Pour son troisième long métrage à titre de réalisateur, Franck Dubosc a choisi d'arpenter le terrain de la comédie noire à saveur rurale à la manière des frères Coen. Plus précisément, Un ours dans le Jura joue allègrement dans les plates-bandes d'un certain Fargo.
Malgré tous les a priori que nous pouvions avoir, l'expérience se révèle étonnamment concluante.
Dubosc et sa coscénariste Sarah Kaminsky ne perdent d'ailleurs pas de temps avant d'empiler les cadavres. Un homme guidant un groupe de migrants à l'estomac bien rempli à travers les bois chute d'une falaise, puis une femme est heurtée accidentellement par une voiture, puis son complice finit empalé sur une branche d'arbre. Le tout en à peine quelques minutes.
Au milieu de tout ce bordel, nous retrouvons l'agriculteur Michel (Dubosc), dont le pickup a accidentellement heurté la voiture garée au bord de la route qui, à son tour, a heurté la femme mentionnée ci-haut après une manoeuvre effectuée pour éviter un ours qui se trouvait au milieu de la route.
Lorsque Michel mentionne l'incident à sa femme Cathy (Laure Calamy) à l'heure du repas, celle-ci est bien motivée à effacer toutes traces qui pourraient permettre aux autorités de remonter jusqu'à sa douce moitié. Son plan de match gagne toutefois rapidement en intensité après la découverte d'une arme à feu et d'un sac contenant deux millions d'euros à l'arrière de la bagnole accidentée.
Il revient ensuite au gendarme Roland Bodin (Benoît Poelvoorde) de tenter de démêler cette sinueuse affaire - appelée à se complexifier encore davantage -, à peine quelques jours avant Noël. Les morts n'ont pas fini de s'accumuler dans cette région comptant pourtant moins de mille habitants.
Dès le départ, Un ours dans le Jura fait preuve d'une compréhension pour le moins réjouissante du fil séparant la candeur de la stupidité.
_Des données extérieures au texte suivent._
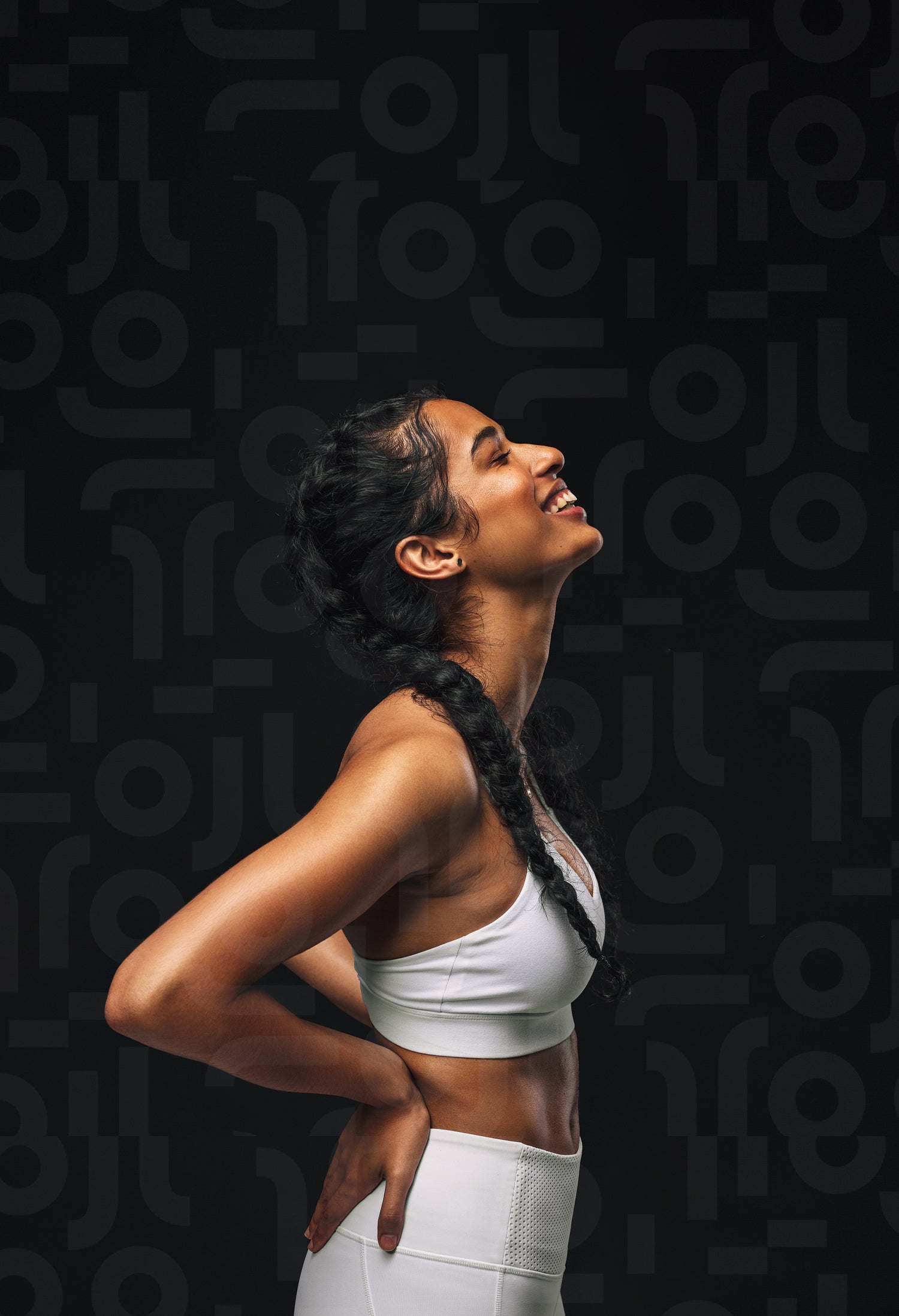 Portrait of a female athlete on black background. Smiling fit woman relaxing after workout.

Et Franck Dubosc et ses acolytes marchent sur cette fine ligne jusqu'à la toute fin, nous présentant des personnages qui ne sont pas nécessairement les plus dégourdis, mais dont les bulles au cerveau traduisent davantage un inconfort par rapport à la situation dans laquelle ils tentent tant bien que mal de manoeuvrer.
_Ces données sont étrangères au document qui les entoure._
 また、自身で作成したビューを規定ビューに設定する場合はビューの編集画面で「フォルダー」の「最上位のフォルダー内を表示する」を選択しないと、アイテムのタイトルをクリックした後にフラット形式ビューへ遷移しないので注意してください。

Accordant une attention particulière au rythme de chaque séquence clé, le comédien et cinéaste évite habilement les cabotinages, misant plutôt sur une quantité non négligeables de répliques savoureuses et bien livrées, ainsi qu'une panoplie d'idées comiques crues, irrévérencieuses et/ou flirtant avec l'absurde.
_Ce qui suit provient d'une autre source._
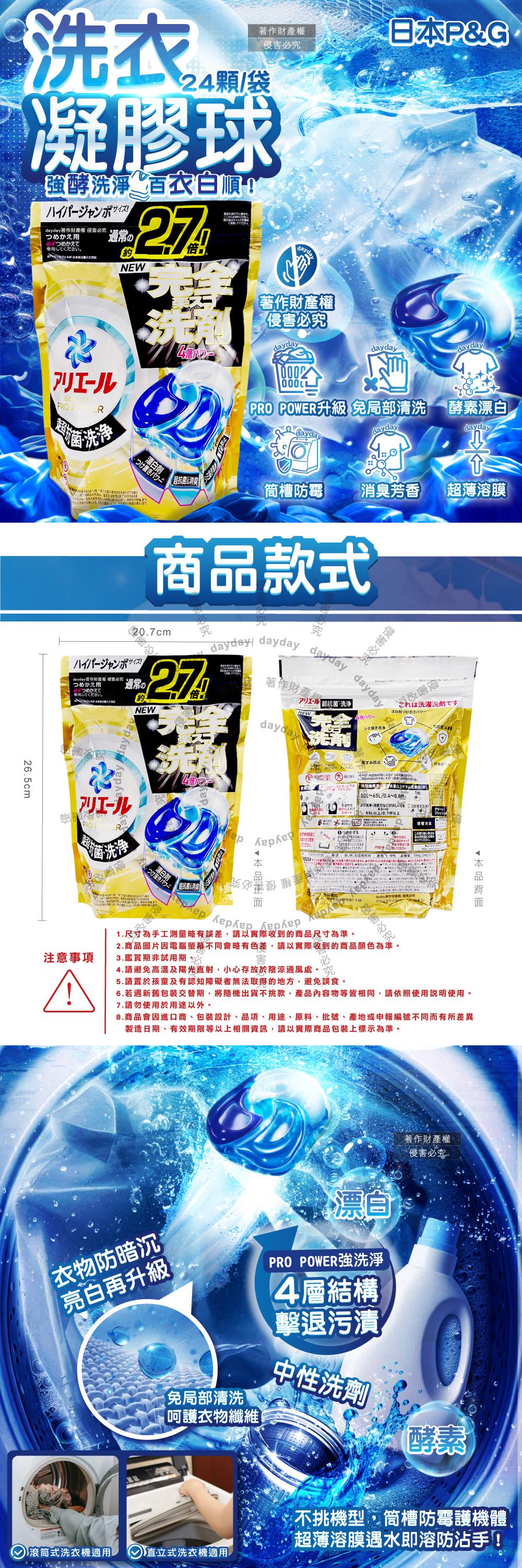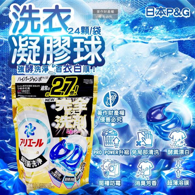 ●品名:Ariel PRO POWER酵素漂白去污強洗淨力洗衣凝膠球

Aux côtés d'un Franck Dubosc plus réservé, Benoît Poelvoorde et Laure Calamy volent la vedette. Le premier livre une performance comique aussi précise qu'enjouée, tandis que la seconde s'amuse tout autant dans la peau d'une mère et épouse qui n'a jamais peur de se salir les mains.
Si Un ours dans le Jura convainc moins en ce qui a trait au développement d'enjeux plus dramatiques, notamment lorsqu'il est question du couple et de la famille des deux principaux personnages, ceux-ci contribuent tout de même à ajouter un peu plus de chair autour de l'os.
La deuxième moitié du film aurait d'ailleurs pu être facilement raccourcie d'une dizaine de minutes pour être aussi efficace et bien rythmée que la première.
Un ours dans le Jura est donc une comédie exécutée sans prétention, affichant une connaissance suffisamment aiguisée des mécaniques du genre, et qui atteint la cible plus souvent que nous aurions pu le croire d'emblée.